Empat Model Legendaris yang Paling Diburu
Beberapa koleksi Rolex telah mencapai status legendaris. Model pertama yang wajib disebut adalah Rolex Submariner. Jam tangan selam ini dianggap sebagai salah satu dive watch paling terkenal sepanjang sejarah. Desainnya yang klasik dan maskulin membuatnya populer di kalangan pebisnis, atlet, hingga selebriti Hollywood. Submariner kerap disebut sebagai jam tangan wajib bagi para kolektor.
Model kedua adalah Rolex Daytona. Jam chronograph ini identik dengan dunia balap dan menjadi simbol eksklusivitas. Desainnya yang sporty namun elegan membuat beberapa varian vintage Daytona terjual dengan harga miliaran rupiah di pasar lelang internasional.

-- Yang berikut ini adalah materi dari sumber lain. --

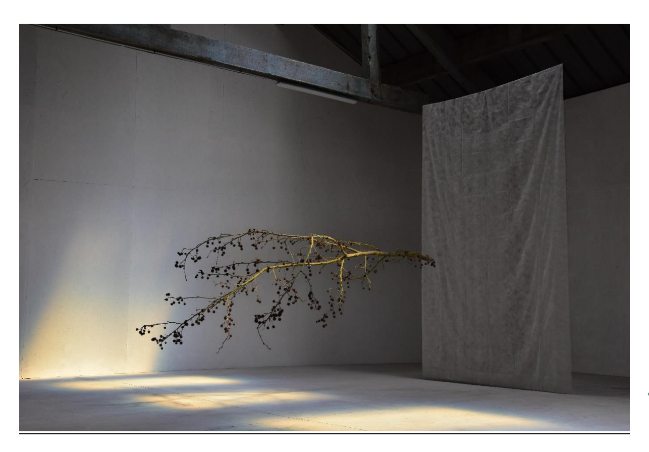
why, my love, did we get divorced? 23.VI.2019, installation, a maple branch (about 180 \times 300 cm) suspended 120 cm above the ground and a growth veil ( 320 \times 200 cm), studio view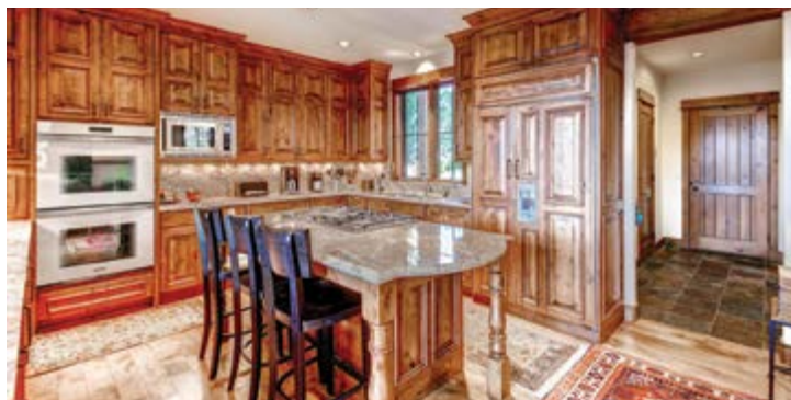
Cordillera Valley 5 Beds, 5,181sqft $1,740,000 Sold by Gateway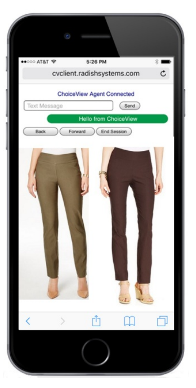
CSR sends more colors. Buyer adds more to order.

ChoiceView adds visuals to voice / text calls with e-Retailers. Buyers see and hear at the same time.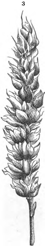
Triticum Hybridum. Coturianum à Compactum, of La Gasca.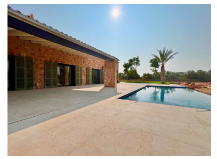
Large pool area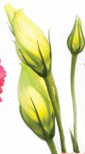
'BENSON' ORIENTAL LILY Sun Valley Farms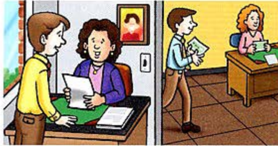
5. give out the paychecks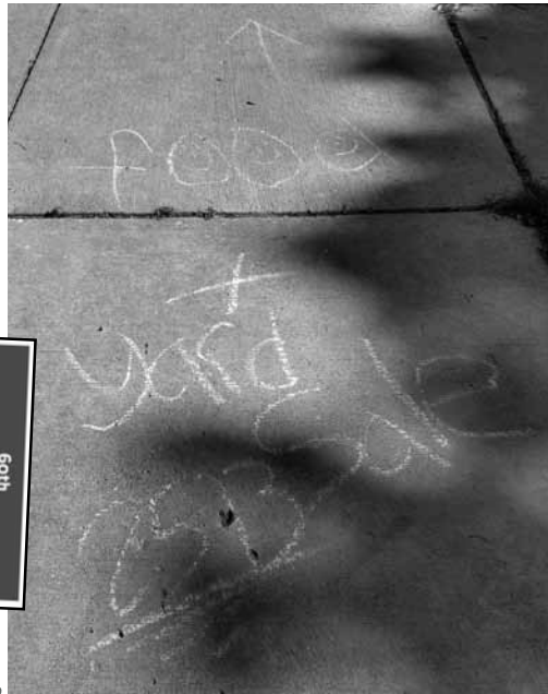
Left Behind: All that remains after a successful rummage day in the neighborhood is the writing on the sidewalk.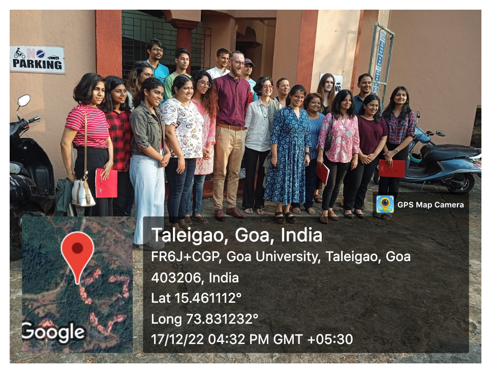
Photo 6: Participant Group photo at the end of the training workshop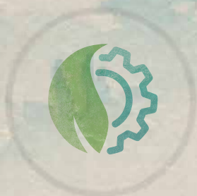
Degrees of Innovation

Here are our bold commitments towards Sustainability.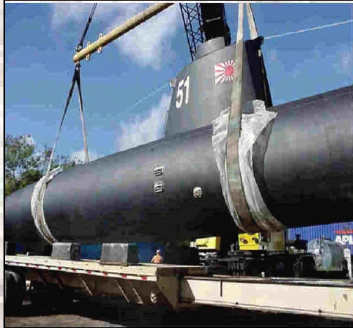
Japanese Midget Attack Submarine being returned to COMNAVMARIANAS after refurbishment.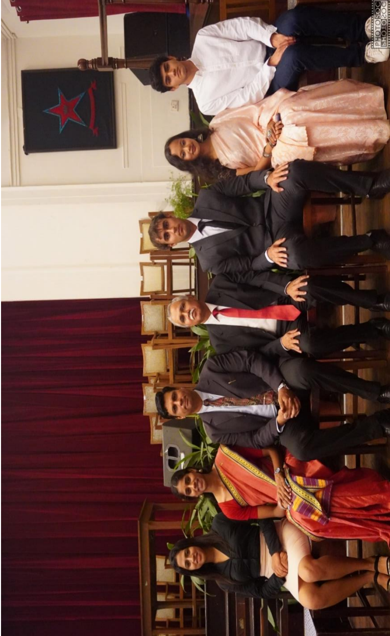
St. Stephen's College Team – AQUATICS (Men & Women)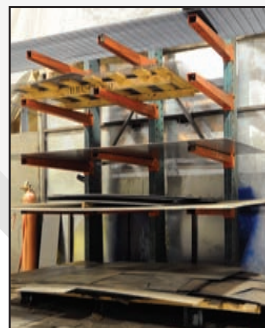
Partial view of inventory available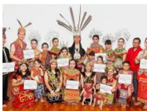
S'wakians to strut their stuff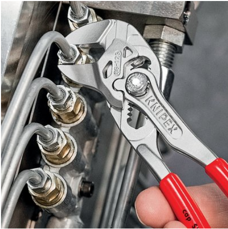
the mini pliers wrench for precision mechanics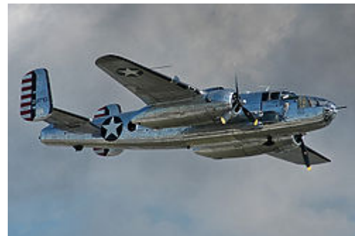
The Vintage Flying Museum's B-25J, Pacific Prowler

A significant number of these were brought together for Catch-22 , a 1970 war film adapted from the book of the same name by Joseph Heller. When Catch-22 began preliminary production, Paramount hired the Tallmantz Aviation organization to obtain available B-25s. Tallmantz president, Frank G. Tallman ended up finding war-surplus aircraft, and eventually gathered not only pilots to fly the aircraft but also a ground support crew to maintain the fleet.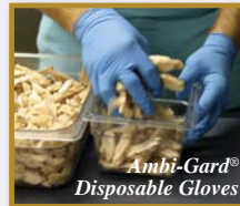
Ambi-Gard® Disposable Gloves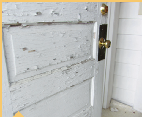
⊘ Lead paint inside older homes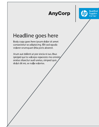
Don't lock up the Partner logo with the HP badge.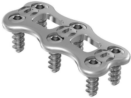
Anterior Cervical Plate-II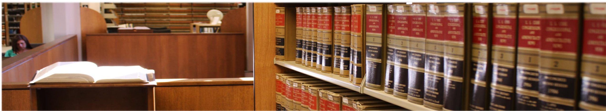
Image: Law Books in Law Library

Continue to support development within Lathrop through legal support of staff working on adopted and proposed projects including: entitlements, development agreements, special district formations, subdivision improvement agreements, and SB5 compliance.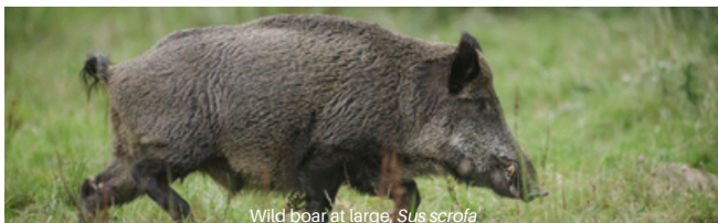
Wild boar at large, Sus scrofa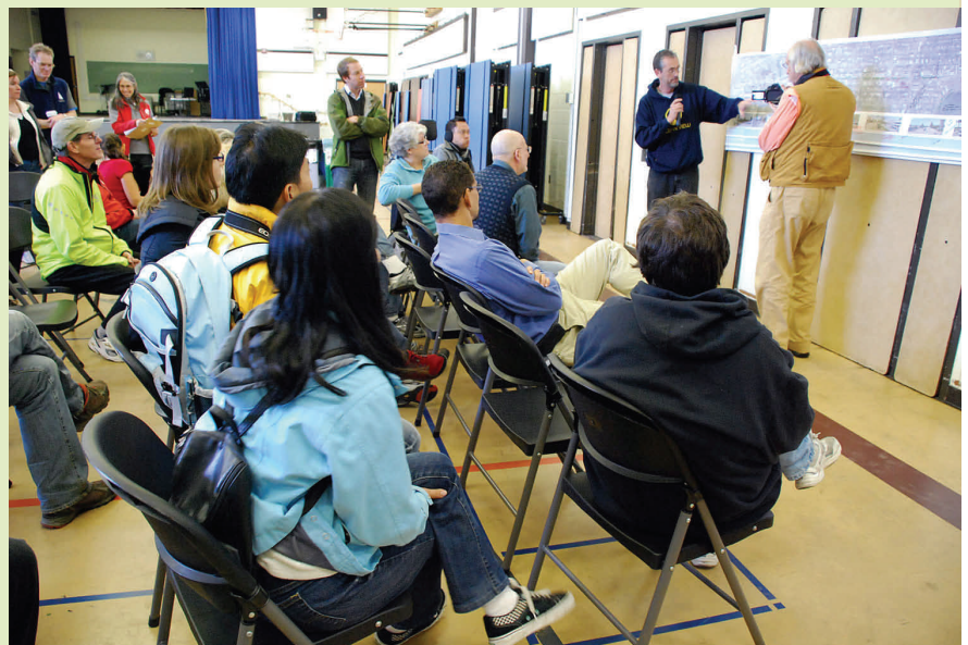
Traffic & Safety Commission Public Workshop

Interested in serving on an Advisory Body to the City Council? Applications are now being accepted - complete the application online.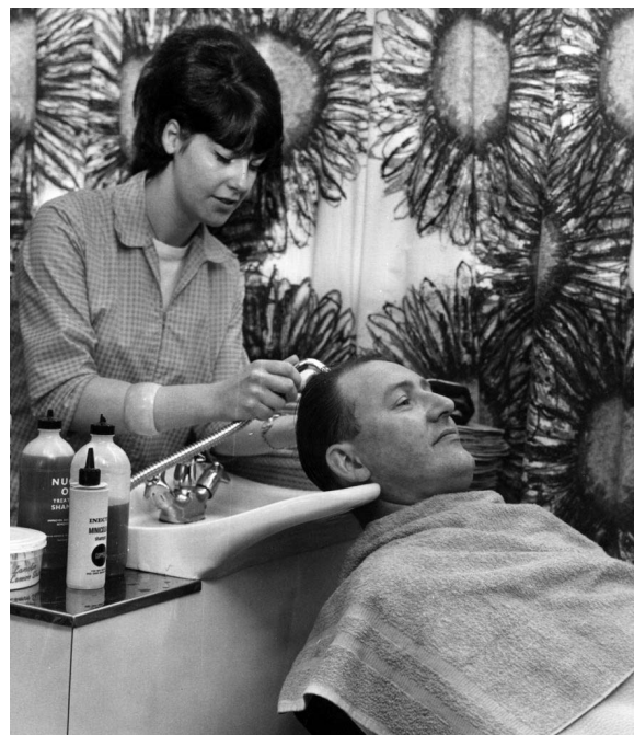
A customer receiving a hair wash before his haircut.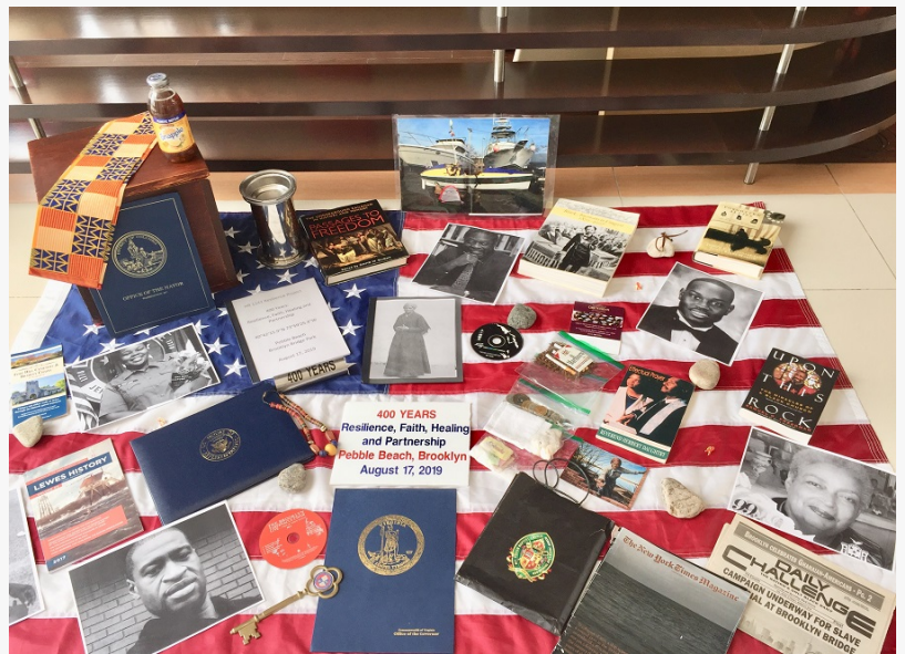
Time Capsule items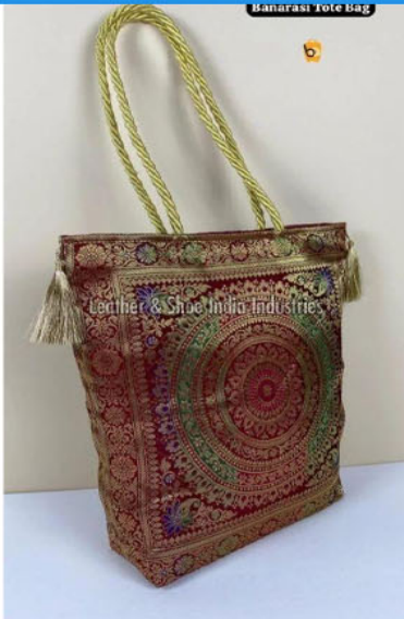
Printed Silk Banarasi Tote Bag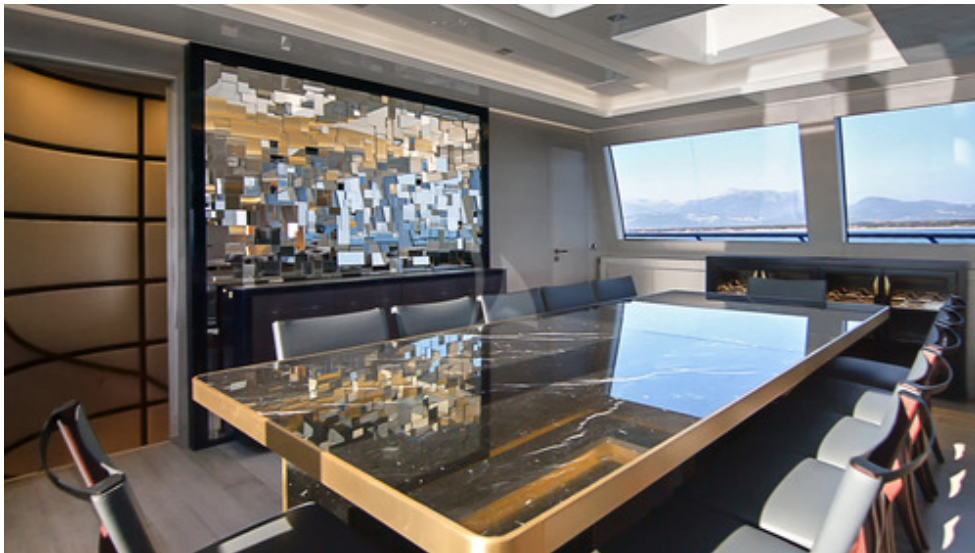
Table in the main salon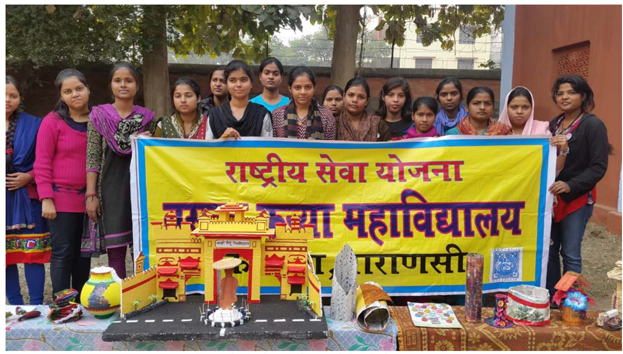
Students displaying their creativity during NSS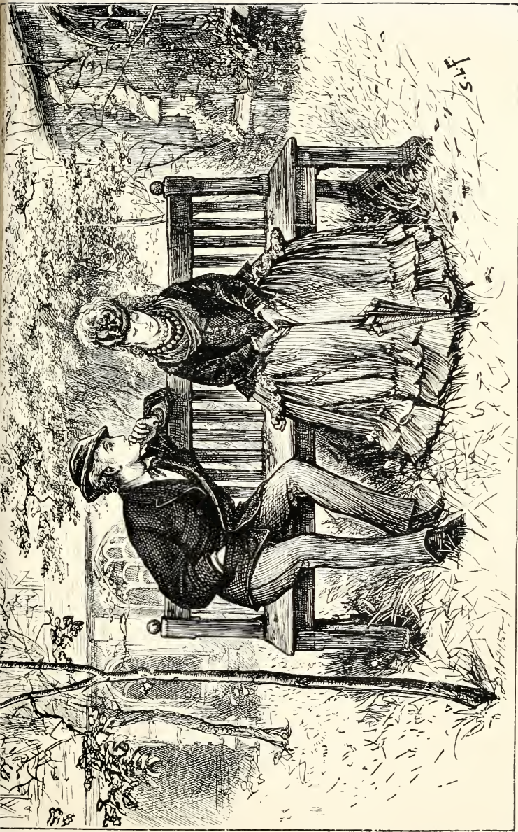
Under the Trees.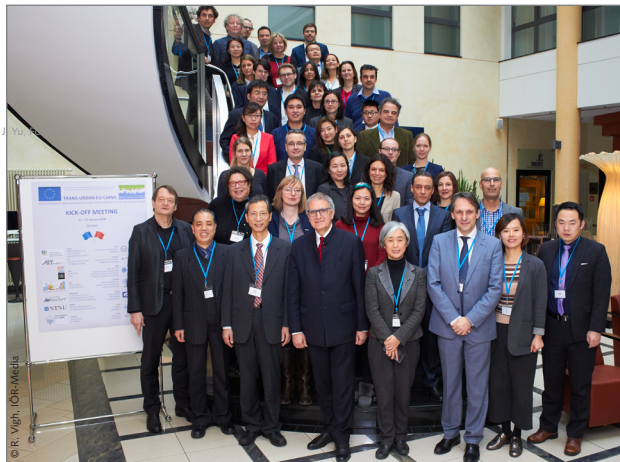
Kick-off Meeting in Dresden in January 2018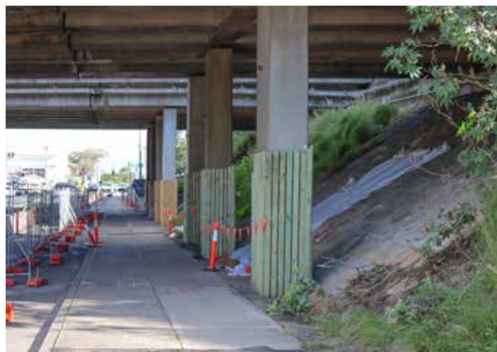
Utilities work progressing under the M4 Western Motorway.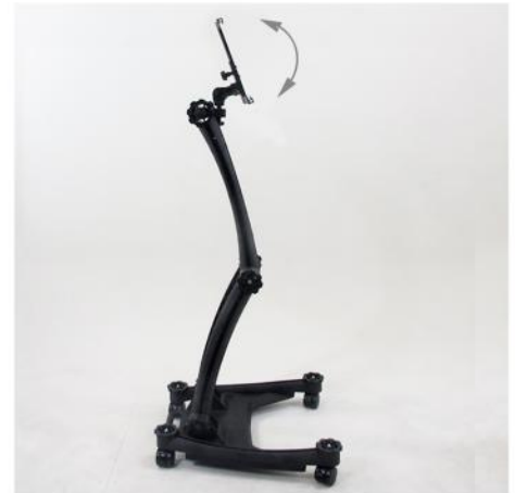
6. ONLY AFTER COMPLETELY TIGHTENED, For patented "Unibody Locking System" can you then add tablet

Combines a stylish appeal with affordability, portability, and versatility. The ZStand seamlessly fits into any office or home-entertainment room without compromising aesthetics. All ZStand models are ergonomically designed, are made from 100% recycled materials and are effortless to setup or take down.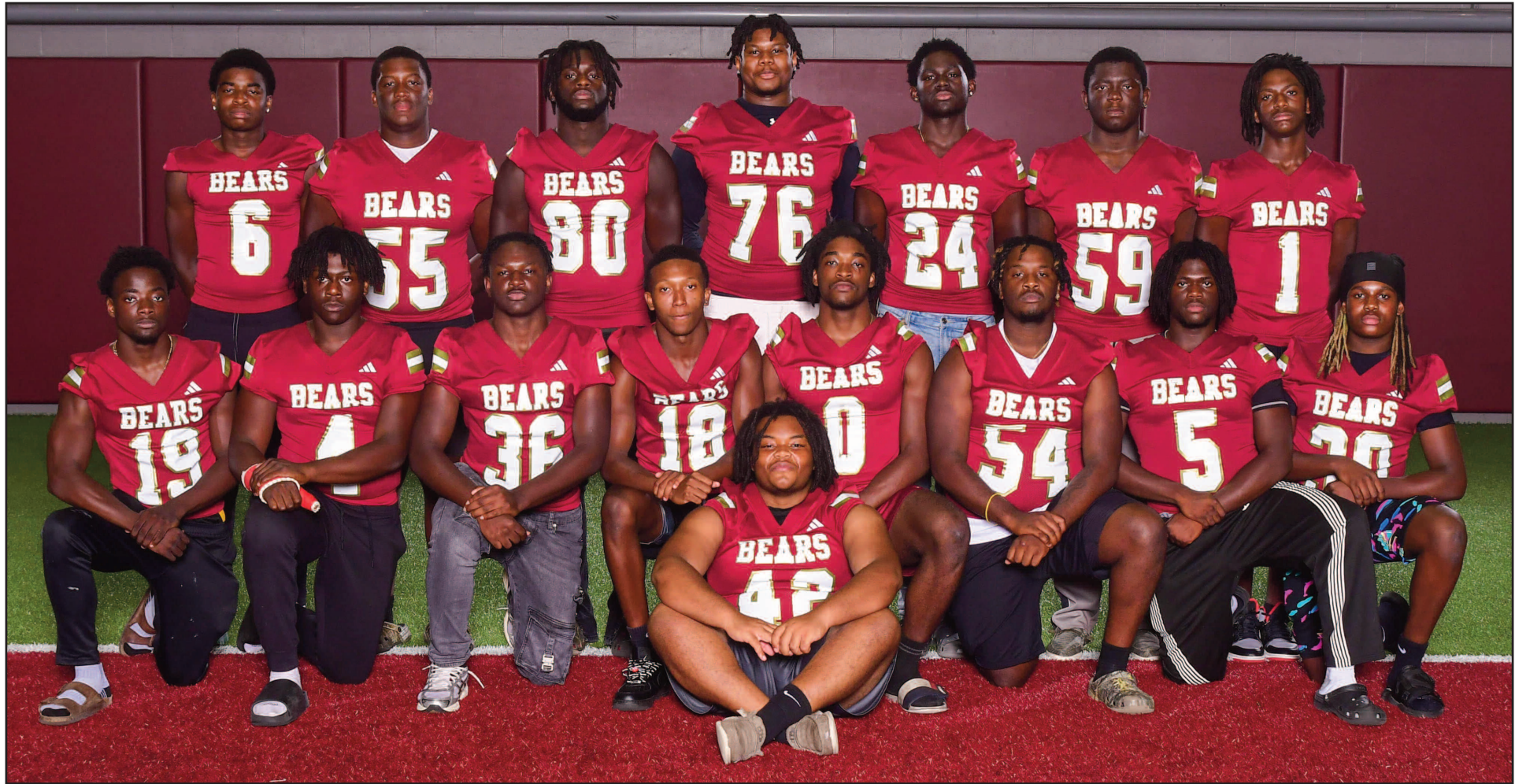
Carvers Bay Bears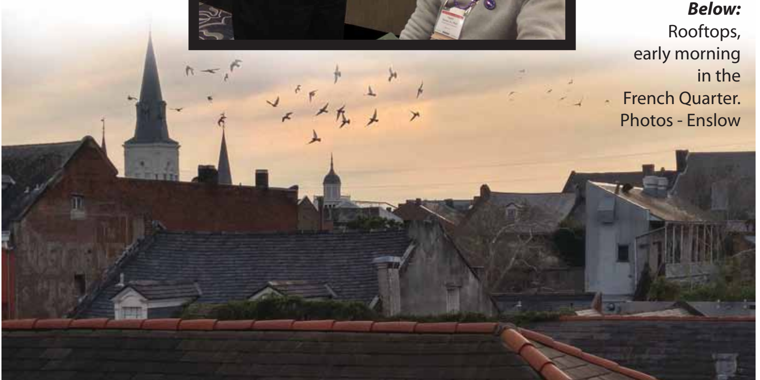
Below: Rooftops, early morning in the French Quarter.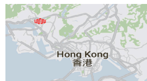
HK3 Hong Kong IBX Data Center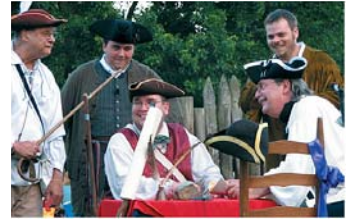
Liberty: Saga of Sycamore Shoals is the must-see drama event in northeast Tennessee.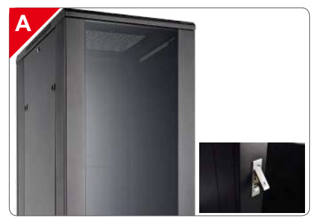
The tempered glass door.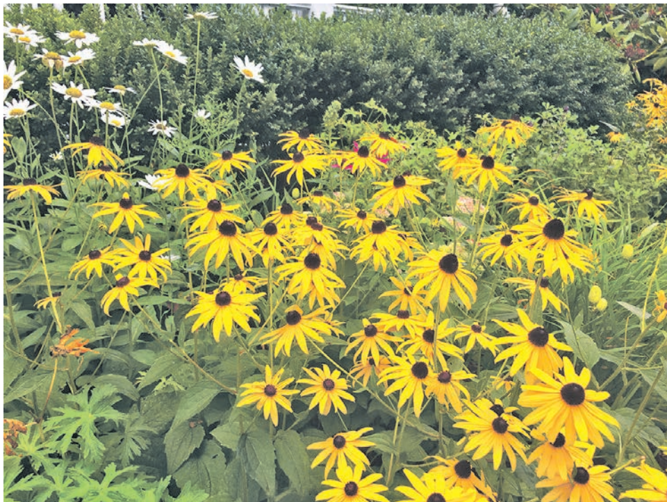
Certain care is needed to help perennials thrive, and that starts with the soil.

Apart from these strategies, perennials pretty much take care of themselves. As long as sunlight requirements match plant needs, the perennials should thrive.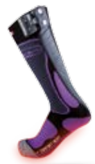
POWERSOCK COMFORT HEAT LADIES

SIZE ART.-NO. 35-36 T01-0500-002_01 37-38 T01-0500-002_02 39-40 T01-0500-002_03 41-42 T01-0500-002_04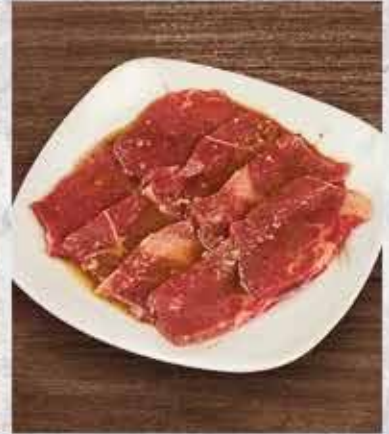
SIRLOIN (80g) 375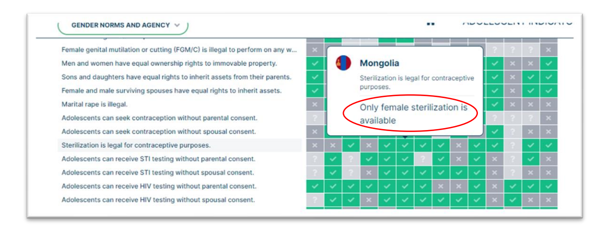
Figure 4 Mongolia has a policy confirming that sterilization is legal for contraceptive purpose—however, only female sterilization is available.

Notes are included in the dialogue box in cases where a policy is technically present according to a database or official documentation but has important exceptions or considerations (see Figure 4).

Selanjutnya, Rolex GMT-Master II menjadi favorit para pilot dan pelancong global. Kemampuannya menampilkan dua zona waktu sekaligus sangat fungsional. Model bezel “Pepsi” dengan perpaduan warna merah dan biru bahkan menjadi salah satu desain jam tangan paling ikonik di dunia.
Eksklusivitas dan Nilai Investasi yang Terus Naik
Eksklusivitas menjadi senjata utama Rolex. Beberapa model sangat sulit didapatkan karena daftar tunggu yang panjang. Kondisi ini justru meningkatkan permintaan dan menciptakan sensasi tersendiri bagi pemiliknya. Tidak semua orang bisa membeli Rolex dengan mudah, meskipun memiliki uang yang cukup.
Fenomena lain yang membuat Rolex begitu istimewa adalah nilai investasinya. Banyak model Rolex justru mengalami kenaikan harga seiring waktu. Beberapa seri langka bahkan menjadi aset koleksi bernilai sangat tinggi. Di pasar sekunder, harga Rolex bekas seringkali lebih mahal dibandingkan harga resmi di toko.
Rolex telah menjadi simbol pencapaian hidup di dunia bisnis. Banyak orang membeli Rolex pertama mereka sebagai hadiah atas keberhasilan karier. Nilai emosional inilah yang membuat merek ini terus melegenda, meskipun popularitasnya juga memicu maraknya peredaran jam tangan palsu di pasaran.